Untuk menangani hal ini, kamu bisa pergi ke Task Manager (untuk Windows / Ctrl+Alt+Del) atau Activity Monitor (untuk Mac / ketik Cmd+Space di Spotlight bar) untuk melihat program apa saja yang sedang berjalan dan terlalu banyak membebani prosesor. Lakukan End Task untuk program-program yang bisa kamu matikan.

Bila laptop  tetap lemot bahkan setelah program-program tersebut dihentikan, maka kamu bisa lakukan restart laptop atau mematikannya untuk sementara waktu.

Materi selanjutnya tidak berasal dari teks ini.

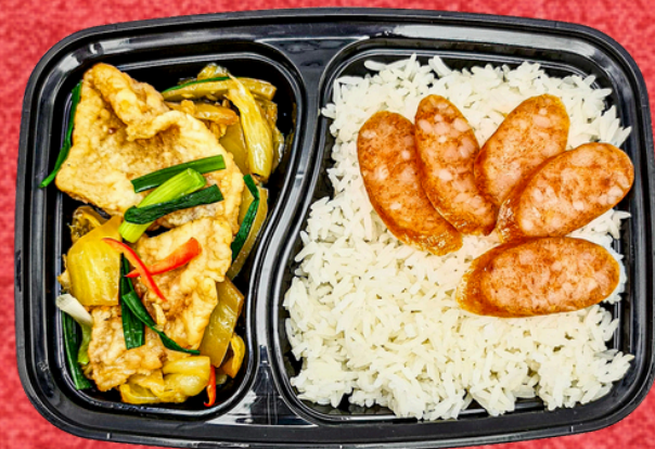
E022 ข้าวสวยปลาทอดผัดเค็มน้ำ +ไก่เซียง

Chicken Tamarind Sauce Chicken Sausage Rice

7. Terdapat Program Bandel yang Berjalan di Belakang Layar

program details

Saat kamu memasang suatu program, kadang kamu tidak menyadari ada program lain yang ikut terpasang. Program tersebut bisa menjadi salah satu penyebab laptop lemot karena berjalan tanpa sepengetahuanmu. Agar hal ini tidak terjadi, kamu harus hati-hati dan teliti saat akan meng-install sebuah program ke laptopmu. Apa lagi program tersebut diunduh dari sumber yang kurang dipercaya.

8. Terdapat Virus

Comp Virus

* sumber: pixabay.com

Virus, spyware, dan malware adalah ancaman bagi laptopmu. Mereka bisa menyebabkan laptopmu berjalan lemot. Hal itu tak lain karena mereka bisa saja memasukan program jahat ke laptopmu. Mereka juga bisa membajak browsermu dan melakukan phishing (mencuri informasi-informasi pentingmu). Program jahat yang dibawa oleh virus-virus tersebut biasanya memaksa menjalankan iklan secara acak dan tidak dapat kamu hindari.

Untuk menangani hal ini, kamu bisa melakukan scan malware. Salah satu alat yang direkomendasikan untuk melakukan pekerjaan ini adalah dengan Malwarebytes. Penulis pernah beberapa kali terkena virus yang selalu menampilkan iklan saat akan browsing. Setelah menggunakan Malwarebytes, mereka semua bisa dibasmi! Klik di sini untuk mendapatkan Malwarebytes.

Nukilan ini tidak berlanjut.